INFORMATION SHOWN →
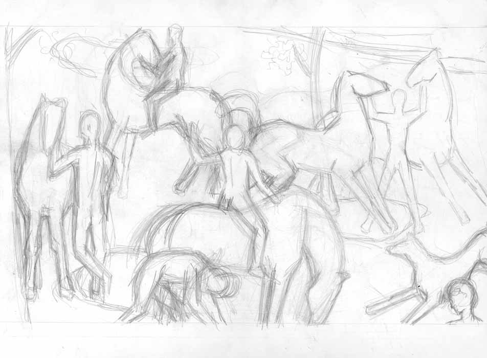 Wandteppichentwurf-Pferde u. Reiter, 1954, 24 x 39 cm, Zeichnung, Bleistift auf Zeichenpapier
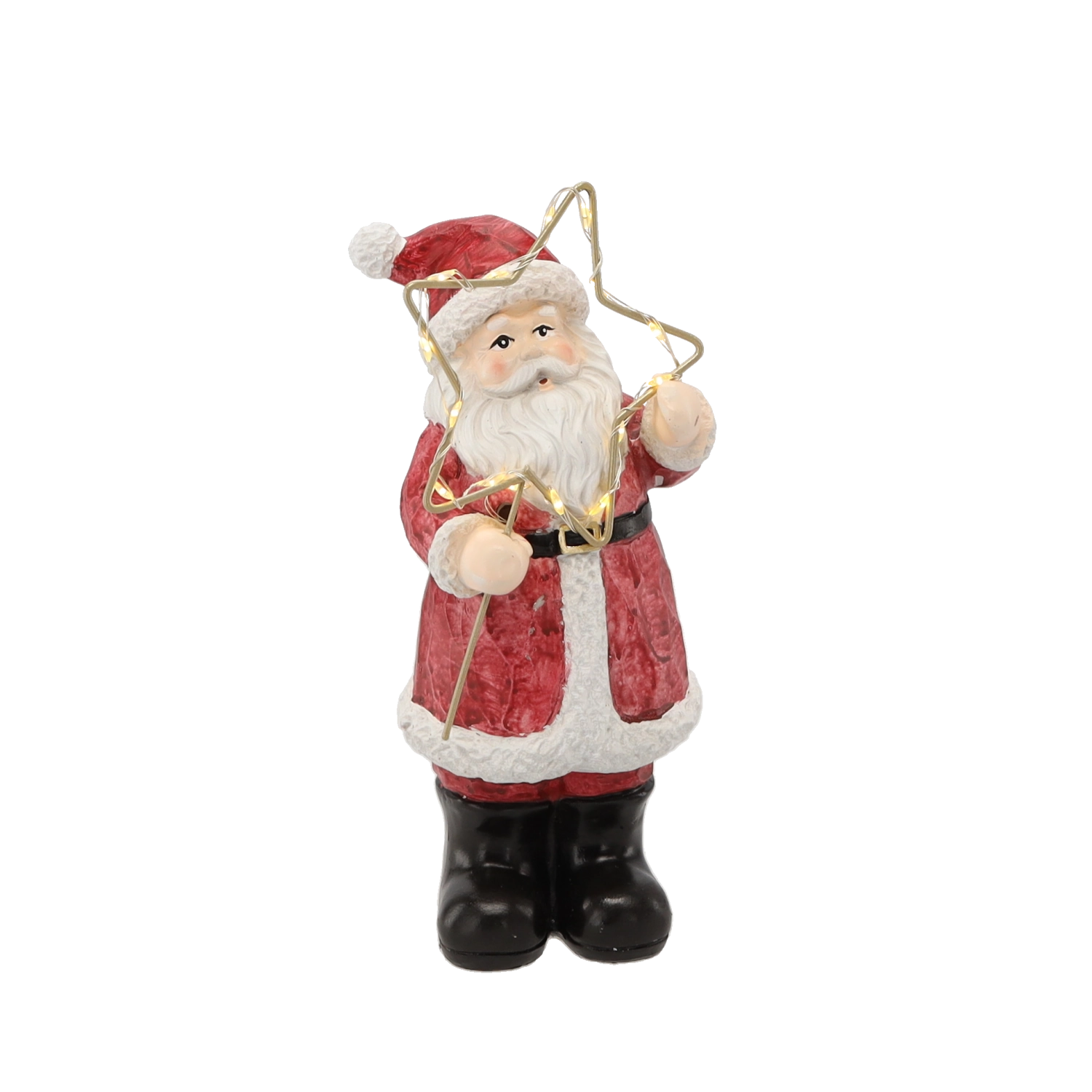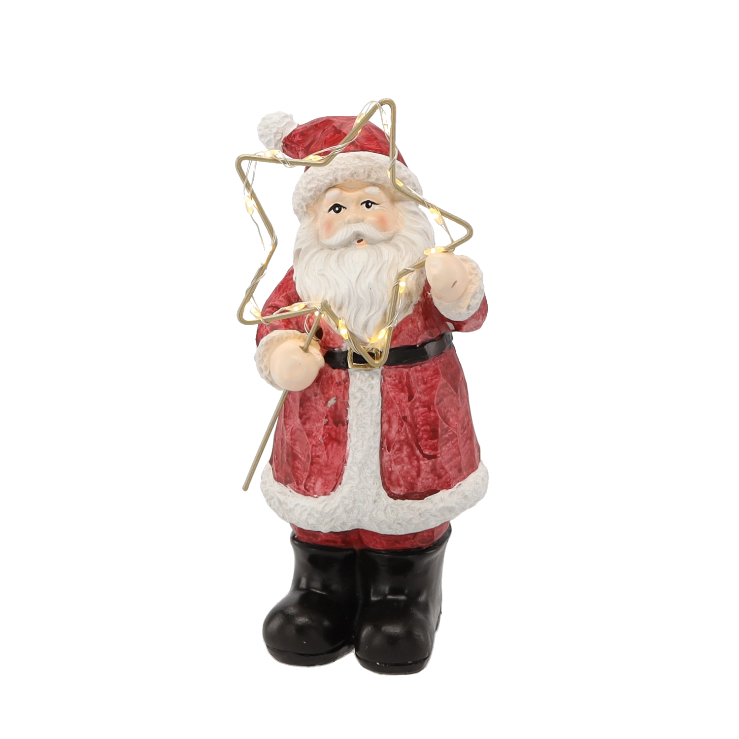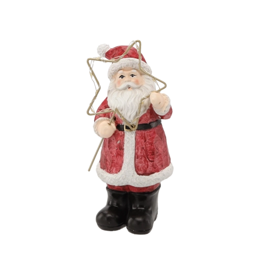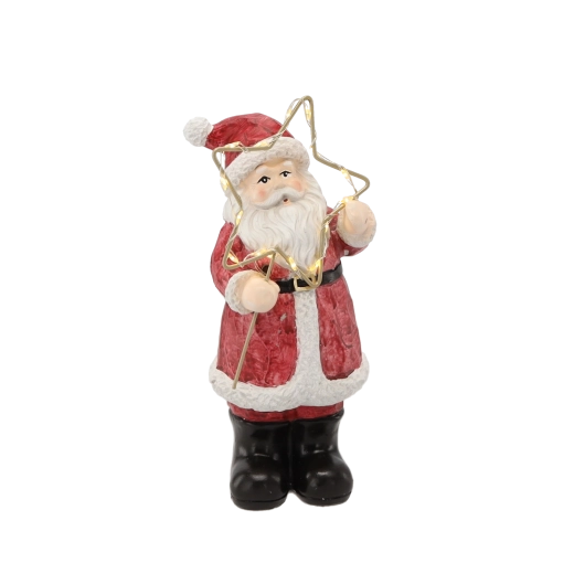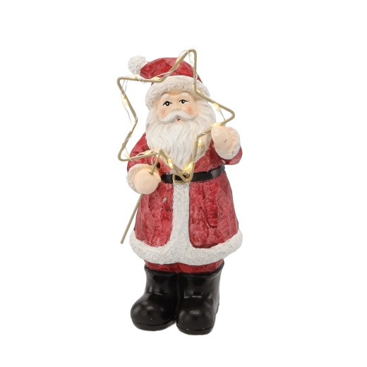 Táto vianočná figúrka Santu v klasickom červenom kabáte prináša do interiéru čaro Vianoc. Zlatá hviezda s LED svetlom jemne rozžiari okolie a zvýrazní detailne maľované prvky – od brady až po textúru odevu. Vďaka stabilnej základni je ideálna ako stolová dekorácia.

==

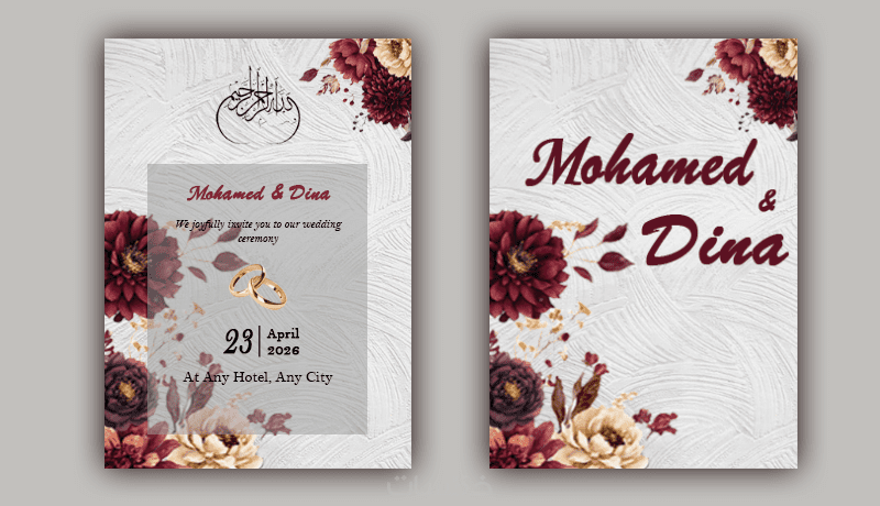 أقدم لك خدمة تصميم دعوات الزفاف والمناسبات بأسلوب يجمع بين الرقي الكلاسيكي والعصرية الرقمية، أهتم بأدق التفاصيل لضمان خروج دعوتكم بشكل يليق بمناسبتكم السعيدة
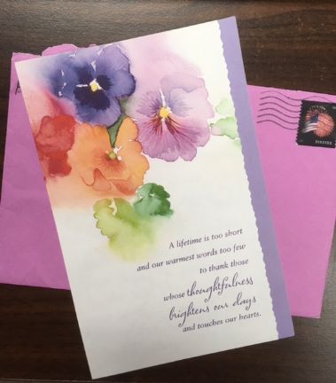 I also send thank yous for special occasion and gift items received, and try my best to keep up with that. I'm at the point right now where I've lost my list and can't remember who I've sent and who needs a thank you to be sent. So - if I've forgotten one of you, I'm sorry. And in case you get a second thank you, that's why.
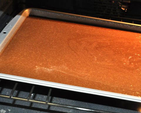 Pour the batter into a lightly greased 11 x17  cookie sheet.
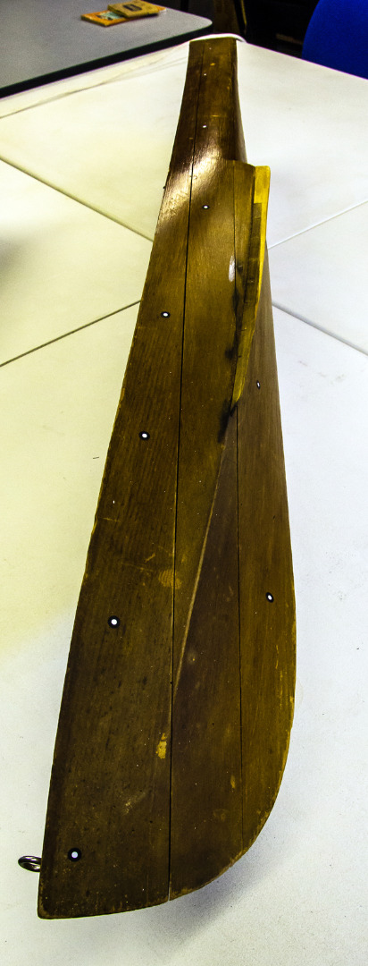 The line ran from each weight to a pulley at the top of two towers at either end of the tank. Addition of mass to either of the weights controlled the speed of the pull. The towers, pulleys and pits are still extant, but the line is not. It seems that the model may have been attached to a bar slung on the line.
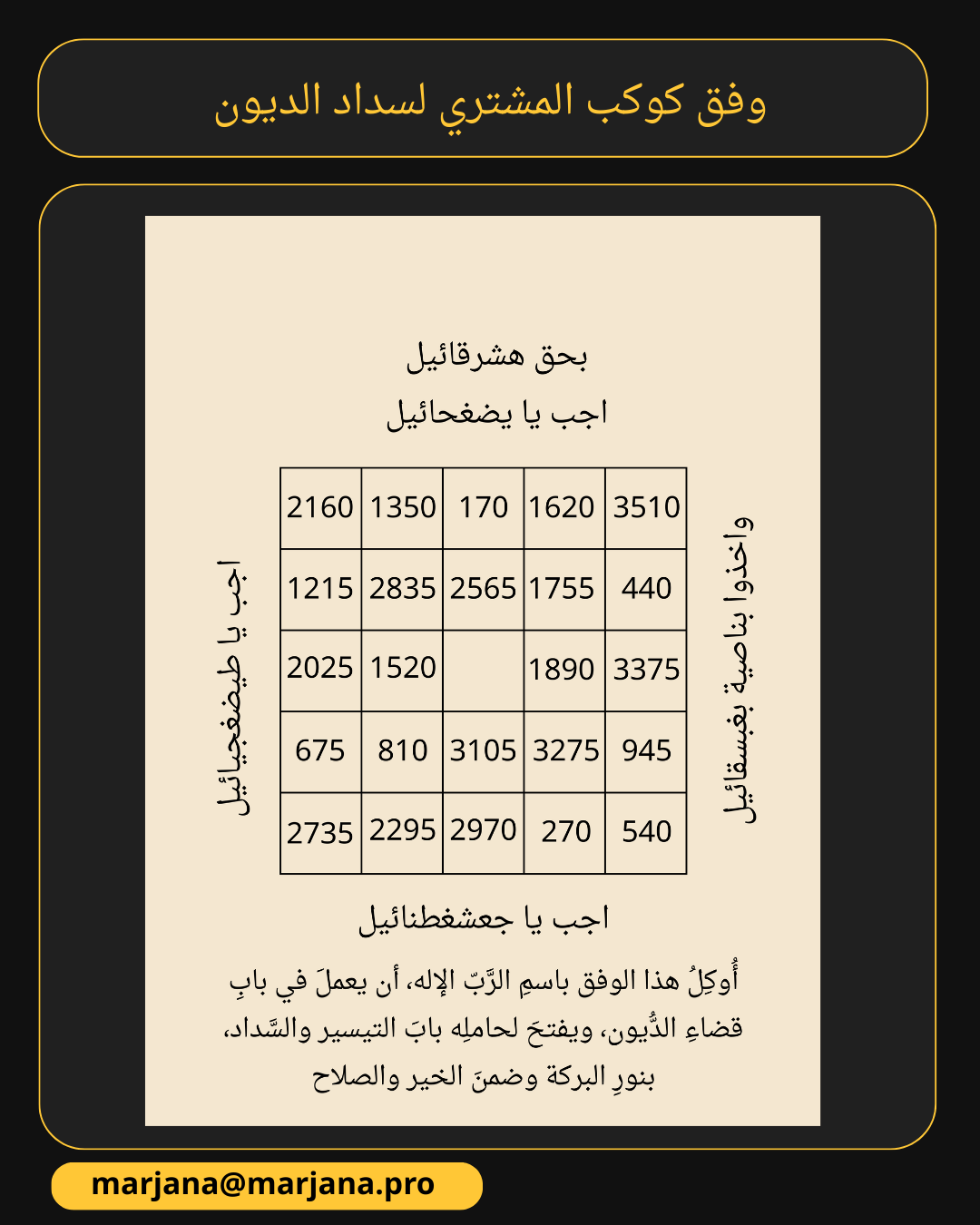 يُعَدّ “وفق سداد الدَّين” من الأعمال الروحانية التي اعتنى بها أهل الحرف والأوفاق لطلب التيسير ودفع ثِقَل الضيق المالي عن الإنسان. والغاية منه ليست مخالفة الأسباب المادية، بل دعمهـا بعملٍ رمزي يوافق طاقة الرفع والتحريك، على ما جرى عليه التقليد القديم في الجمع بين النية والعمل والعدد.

ACTION ITEM →
Leaving each picture behind, please give again exactly the lines above from the one with "Wandteppichentwurf-Pferde u. Reiter, 1954, 24" through the one with "Táto vianočná figúrka", both included, and no others.

ANSWER FOR THIS EXERCISE →
 Wandteppichentwurf-Pferde u. Reiter, 1954, 24 x 39 cm, Zeichnung, Bleistift auf Zeichenpapier
 Táto vianočná figúrka Santu v klasickom červenom kabáte prináša do interiéru čaro Vianoc. Zlatá hviezda s LED svetlom jemne rozžiari okolie a zvýrazní detailne maľované prvky – od brady až po textúru odevu. Vďaka stabilnej základni je ideálna ako stolová dekorácia.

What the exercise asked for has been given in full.